When oil has reached correct temperature, hold your finger over the bottom of a large kitchen funnel with a 1/2-inch diameter spout, and pour 3/4 cup batter into the funnel. Hold the funnel over the center of the skillet, remove your finger, and with a circular motion, starting from a center point, let the batter create a spiral in the hot oil. Fry until funnel cake is light brown on one side, then carefully flip with a pancake turner and fry on the other until golden brown. Remove with a slotted spoon and drain on paper towels. Let oil come back to correct temperature and repeat process. For glaze, whisk sugar, root beer extract, and half-and-half together in a small bowl. Drizzle over each funnel cake and dust with more sugar and garnish with fresh berries. Makes 4 medium cakes.
Joanne’s New-and-Improved Blueberry Tart
Sara Moulton is a Delight, with a capital D, and so are her recipes. She is also a working mom who has to get dinner on the table every night. In Sara Moulton’s Everyday Family Dinners (Simon & Schuster), she shares more than 200 new family-tested, family-pleasing recipes. As a person who does not like pie crusts (I only eat the inside), this tart is perfect for me.
Crust (Or a store-bought pastry for a single-crust pie):
2 cups unbleached all-purpose flour
1/2 teaspoon salt
12 tablespoons cold unsalted butter
2 large egg yolks
Combine flour and salt in the food processor fitted with the chopped blade. Cut the butter into 1/8-inch thick slices, and add to flour. Pulse 10 to 12 times, until mixture resembles coarse crumbs. Beat yolks with 2 tablespoons ice water; add to mixture; pulse 4 to 5 times, until a crumbly mixture forms. Press mixture together to form a ball, adding more water if needed to make it manageable. Roll dough between lightly floured sheets of plastic wrap (chill for an hour before rolling if desired, which makes crust more tender) so it is an 11-inch round.
2/3 cup sugar
2 tablespoons cornstarch
1/4 teaspoon salt
4 cups blueberries
1 teaspoon freshly grated lemon zest
2 tablespoons fresh lemon juice
Preheat oven to 400˚F. Fit dough into a 9-inch tart pan with removable bottom, press it against sides of pan, trim off any overhanging pieces. Pierce bottom and sides thoroughly with the tines of a fork to prevent crust from puffing up. Bake 10 to 12 minutes or until golden brown.

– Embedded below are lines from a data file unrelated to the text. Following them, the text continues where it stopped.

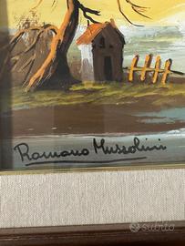 Tela 20x30 su cornice il legno dorata per un totale di cm53x43cm,certificato di autenticità come da foto,Romano Mussolini figlio di Benito comincio’ a dipingire nel dopoguerra quindi questo quadro risale agli anni 50/60/70.Prezzo poco trattabile,pezzo per collezionisti e intenditori.
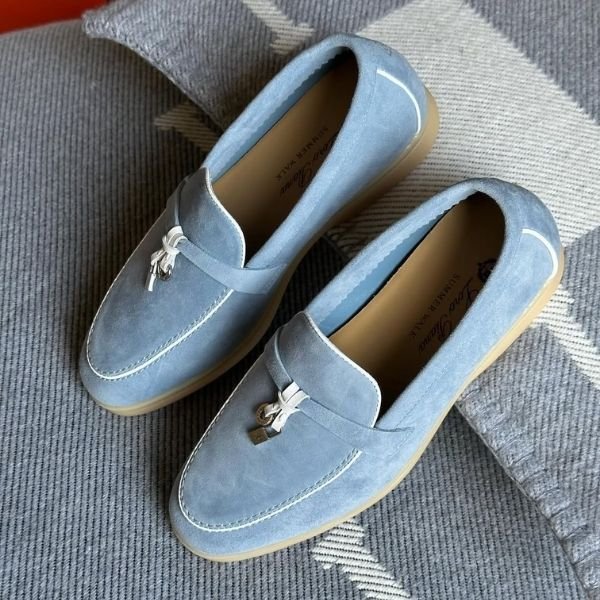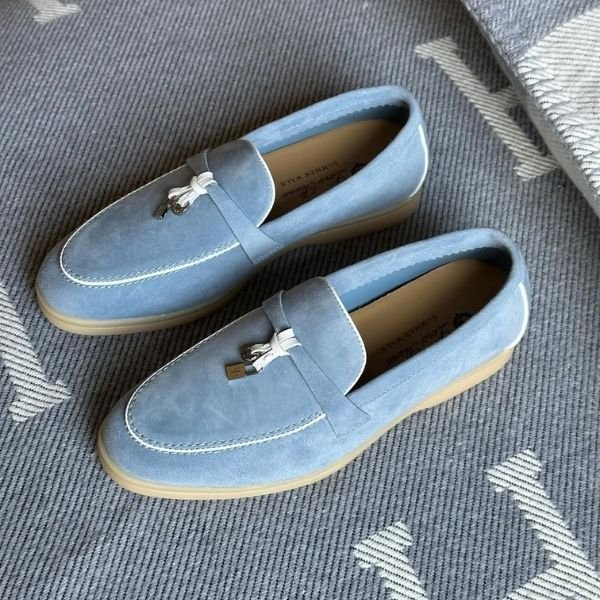 Loro Piana Charm Suede Loafers Slip On Shoes Peach Cyan Blue
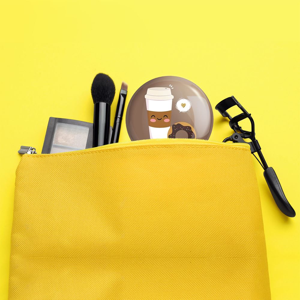 آینه های جیبی کافی شاپ قهوه خندالو دایره ای به قطر 7.5 سانتی متر می باشد که نه خیلی بزرگ و غیر قابل استفاده در کیف آرایشی ست و نه خیلی کوچک که تصویر خاصی در آن مشاهده نشود. سایزی استاندارد و کارآمد دارد و مناسب قرار گیری در کیف لوازم آرایش و کیف های کوچک دستی نیز هست.
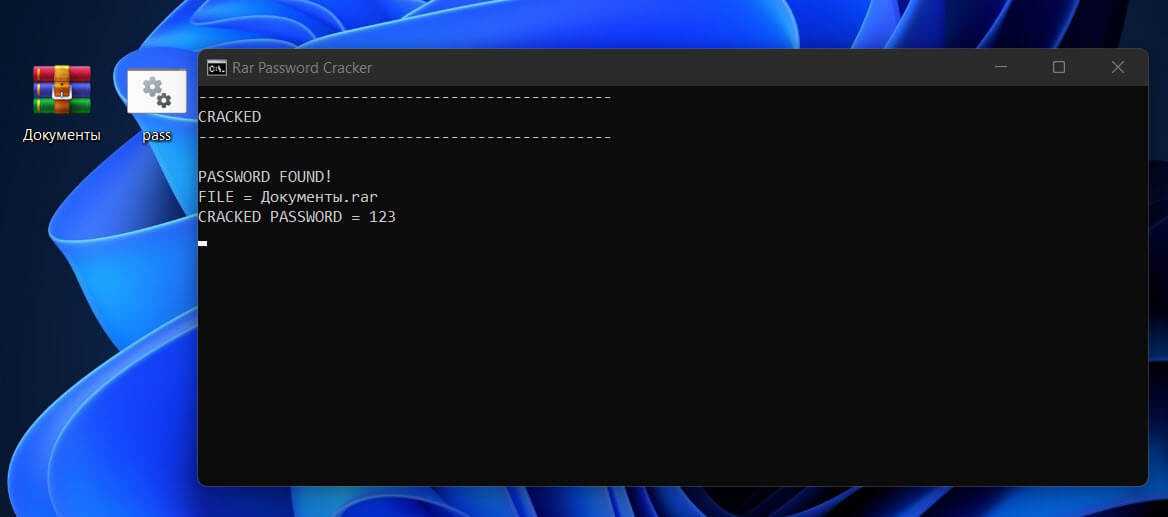 Теперь командная начнет подбор пароля, который вы использовали для защиты файла winRAR. Это займет некоторое время в зависимости от длины и сложности пароля.

Stir sugar, cornstarch, salt in a small pan, and gradually stir in 2/3 cup water. Add 3/4 cup blueberries and cook over medium heat, stirring constantly, until mixture comes to a full boil, berries have popped, and sauce has thickened. Remove from heat and stir in lemon zest and juice. Combine thickened sauce with remaining 3 1/4 cups berries in a medium bowl; transfer to baked crust and spread to fill the shell. Let cool to room temperature and serve, or cover and refrigerate until ready to serve. Keeps in fridge for 3 days. Serves 6 to 8.
Peaches in Wine Syrup
This is a lovely, classic Aragon dessert. From La Buena Mesa The Regional Cooking of Spain (The Good Table) by Elizabeth Parrish (Hippocrene Books). The title is synonymous with delicious food, from Spain, a country that celebrates “good tables,” and the book includes distinctive dishes from nineteen regions. The influences of the Greeks, Phoenicians, Celts and Moors are all found in Spain’s regional cuisine. Beloved classics and new favorites are waiting to be discovered in this collection.
3 cups full-bodied red wine
1/2 cup brandy, preferably Spanish
1 cup sugar
Peel of 1 lemon
1 cinnamon stick
4 large ripe peaches (yellow flesh), peeled
Mix the wine, brandy, sugar, lemon peel, and cinnamon stick together in a saucepan or earthenware dish. Heat over medium heat, stirring until the sugar dissolves. Add the peaches, bring to a boil, lower heat, and simmer for 20 minutes. Cool for a few minutes. Spoon the warm syrup over the peaches and serve. Any leftover syrup can be used as a marinade for cut-up fresh fruit. Serves 4.